What is the reason for the Arab Israeli conflict? ›

The goal of the Arabs was initially to block the Partition Resolution and to prevent the establishment of the Jewish state. The Jews, on the other hand, hoped to gain control over the territory allotted to them under the Partition Plan.

What was the reason for the 2006 Lebanon War? ›

2006 Lebanon War, a war between Israel and Hezbollah that began on July 12, 2006, and ended on August 14. Its proximate cause was a cross-border attack by Hezbollah fighters that culminated with the kidnapping of a pair of Israeli soldiers and the killing of eight others.

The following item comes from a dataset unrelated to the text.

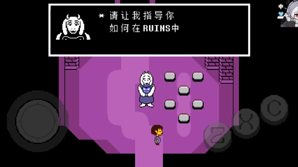 进入上方房间时,Toriel会主动帮助解开谜题,玩家只需穿越北门即可继续前行。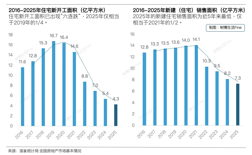 对比过往,住宅新开工面积已出现“六连跌”,2025年的总量仅相当于2019年的25.7%,回到2003年的规模。新建(住宅)商品房销售面积为近五年来最低,树懒预计,2025年新建住宅商品房销售约643万套。

What did Palestine do to Lebanon? ›

The Palestinian insurgency in South Lebanon was a multi-sided armed conflict initiated by Palestinian militants against Israel in 1968 and against Lebanese Christian militias in the mid-1970s. It served as a major catalyst for the outbreak of the Lebanese Civil War in 1975.

Why did the United States withdraw its troops from the ongoing conflict between Israel and Lebanon in the early 1980s? ›

Following Israel's 1982 invasion of Lebanon, the advocates of military intervention won out. But by 1984, terrorist attacks, a lack of diplomatic progress, and congressional opposition led President Ronald Reagan to withdraw U.S. forces from Lebanon.